Member of the Tamil Nadu Legislative Assembly
- Incumbent
- Assumed office May 2026
- Chief Minister: C. Joseph Vijay
- Preceded by: K. Ganapathy
- Constituency: Maduravoyal

Personal details
- Party: Tamilaga Vettri Kazhagam
- Spouse: D. Pooja Harani ​(m. 2024)​
- Parent: R. Panneer Selvam (father);
- Relatives: Vinoj P. Selvam (brother)
- Education: Comparative & International Dispute Resolution in 2019 at Queen Mary University of London (L.L.M) Dr B.R. Ambedkar Law University, Chennai (B.A, L.L.B (Hons.))
- Occupation: Owner, Rohini SilverScreens and Theater, Koyambedu

= P. Rhevanth Charan =

Indian politician (born 1996)

P. Rhevanth Charan (born 1996) is an Indian politician from Tamil Nadu. He is a member of the Tamil Nadu Legislative Assembly from Maduravoyal Assembly constituency in Chennai district representing Tamilaga Vettri Kazhagam.

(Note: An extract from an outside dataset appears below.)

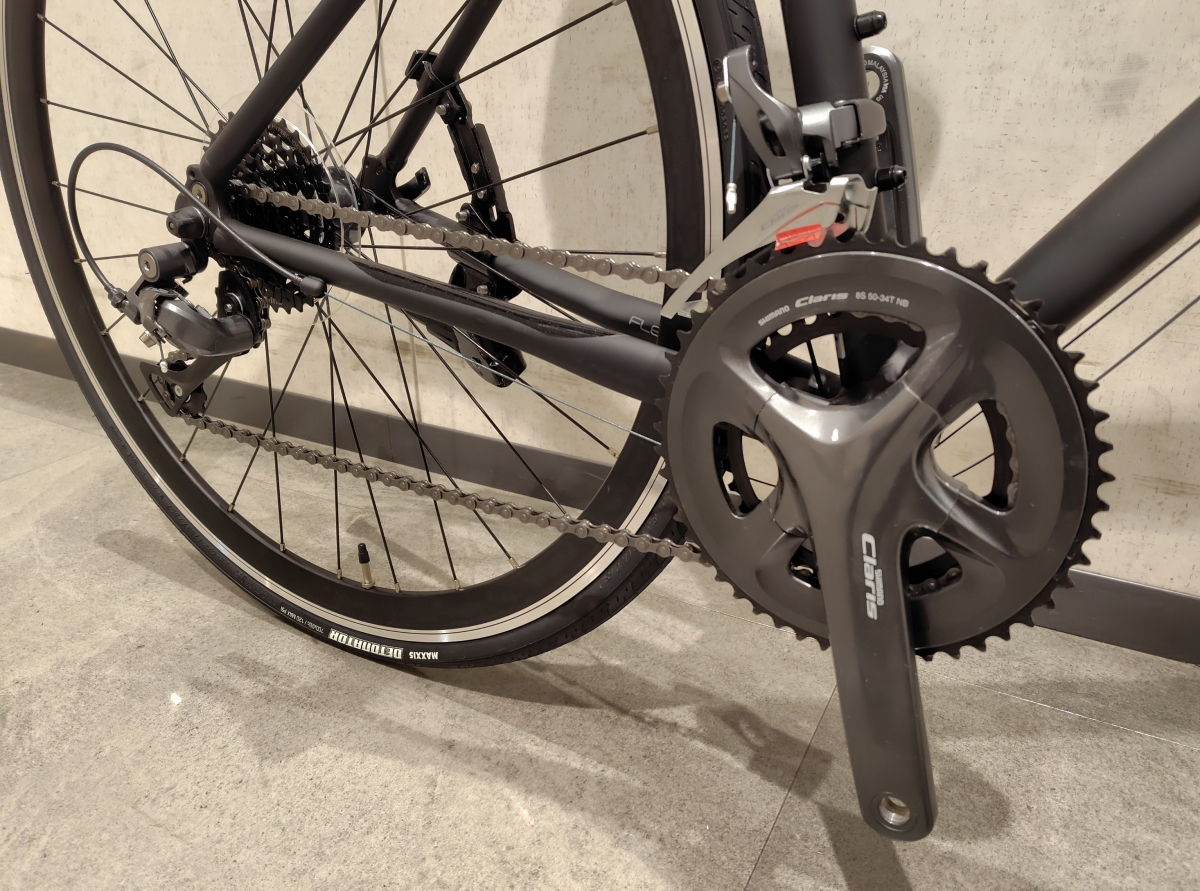 チェーンリングは50x34Tのダブル、スプロケットは11-32Tの8速、全16段変速です。ワイドなギヤ構成なのでオールラウンドに使いやすいと思います。2ピース構造のクランクは剛性があり、ペダルを踏んだ力がしっかり推進力に変換されていくのがわかるかと思います。タイヤサイズは700x28cと細めです。

== Early life and education ==
Charan is from Chennai. He is the youngest son of R. Panneer Selvam and has an elder brother Vinoj P. Selvam, who is associated with Bharatiya Janata Party of Tamil Nadu. He is married to Pooja Harani in 2024, with prominent people including Rajinikanth, union minister Hardeep Singh Puri attending his wedding. He is the owner of Rohini SilverScreens Cinema Theatre at Koyambedu. He also runs a professional consultancy service. He completed his Bachelor of Arts & Bachelor of Law (honours) in 2018 at Dr B.R. Ambedkar Law University, Chennai. Later, he did his LLM in Comparative & International Dispute Resolution in 2019 at Queen Mary University of London, United Kingdom. He declared assets worth Rs.22 crore in his affidavit to the Election Commission of India.

== Political career ==
Charan became an MLA for the first time winning the 2026 Tamil Nadu Legislative Assembly election rom Maduravoyal Assembly constituency representing Tamilaga Vettri Kazhagam. He polled 1,41,725 votes and defeated his nearest rival, K. Ganapathy of the Dravida Munnetra Kazhagam, by a margin of 61,509 votes.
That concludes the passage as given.